Executions environments - Lambda functions behind the scenes

The expression serverless is slightly misleading, because Lambda actually runs on servers, they are just not visible for the accounts. In this short post, I'll cover how Lambda functions are run, and what AWS does to improve the efficiency of Lambda invocations.

Lambda is one of the most important element of AWS’s serverless stack.

The main advantages of being serverless is that there’s no need to provision and manage servers, accounts pay for the service after invocations and Lambda functions scale automatically.

But what goes on behind the scenes? How does Lambda work?

1. The secrets behind serverless revealed

First, Lambda functions have to run on something, which means that there must be a physical machine on which the code runs.

Being serverless doesn’t mean that there are no servers. There are, but we, the account owners, can’t see them, and as such, don’t manage them.

All of the server provisioning, management, scaling and high availability are the responsibility of AWS.

In real life, Lambda runs on AWS-managed (micro) virtual machines dedicated to the given account. This mainly means EC2 instances, but since last year AWS started to use Firecracker, a proprietary virtualization technology to create logical blocks, one for each account, in which Lambda functions run.

As it was said above, these micro-virtual machines are dedicated to an account, and multiple microVMs (for multiple accounts) can run on a high capacity EC2 instance. There are no miracles, all roads lead to EC2.
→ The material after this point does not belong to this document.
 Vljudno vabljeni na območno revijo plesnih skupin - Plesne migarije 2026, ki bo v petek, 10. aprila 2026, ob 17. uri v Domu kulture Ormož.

2. Lambda execution environments

Let’s take a closer look at how Lambda functions are invoked.

The service responsible for running Lambda (also called the data plane) allocates an execution environment for each Lambda function, where no two functions share the same execution environment. This can be imagined as an isolated container, in which the functions run, and they can’t reach into the other function’s container.
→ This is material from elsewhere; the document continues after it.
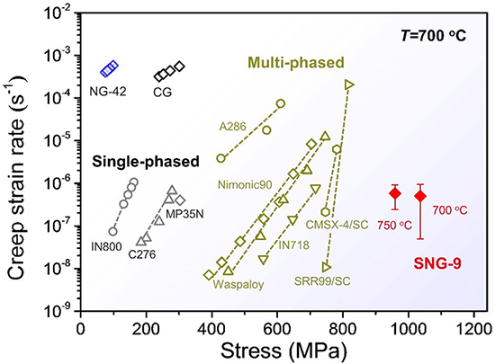 图2:具有弛豫晶界的纳米晶MP35N合金的蠕变性能,及其与其它牌号高温合金性能对比

These environments are isolated from each other using various Linux container technologies, which are way beyond the scope of this post.

So far we have EC2 instances, each of which hosting multiple logical units called micro-virtual machines (one per account), and each microVM can have multiple execution environments, one for each Lambda function.

3. Execution environments are reusable

Let’s follow the lifecycle of a Lambda function.

When the function gets executed for the first time, the function code will get loaded from an S3 bucket, which can be customer defined or Lambda-managed.

Once the code is there, a new execution environment gets created for the function (also called a cold start). The execution environment contains the runtime information (e.g. NodeJS) and any layers created for the function as well.

The function runs in this container, and then it gets destroyed after it did what it was supposed to (return something, throw an error or simply just perform some logic).

But the good thing about execution environments is that they are reused for multiple invocations of the same functions, which is called warm execution. This comes from the need that most of the time a Lambda function will get executed more than once, with the invocations often following each other at a high frequency. So the next invocation of the same function uses the execution environment, which is already set up for that function. Lambda keeps caches and computes some common results between function invocations, and this way it can improve efficiency and save us time, therefore money.

Executions environments can live from a few minutes up to hours before they get destroyed.

What happens when multiple invocations of the same function occur at the same time? It’s one of the great features of Lambda that it supports a large number of concurrent invocations.

In this case, a new execution environment is generated for each concurrent invocation, so execution environments are only shared for serial invocations.

Of course, the execution environment doesn’t live forever, and eventually it will be used for another function invocation. To prevent functions interfering with each other, Lambda clears the memory before an execution environment is allocated to a function. The memory - for obvious reasons - will not be cleared when the execution environment is used for serial invocations of the same function.

The execution environment also includes a specific folder in case Lambda functions need to download something. Files written to this folder will be kept until the execution environment gets destroyed, which will result in improving efficiency.

4. Summary

Lambda being serverless doesn’t mean that there are no servers. Lambda functions run on EC2 instances, but they are managed by AWS.

Each function has an execution environment generated for them, and these environments can serve multiple invocations of the same function. Different functions have different execution environments, and so do concurrent invocations of the same function.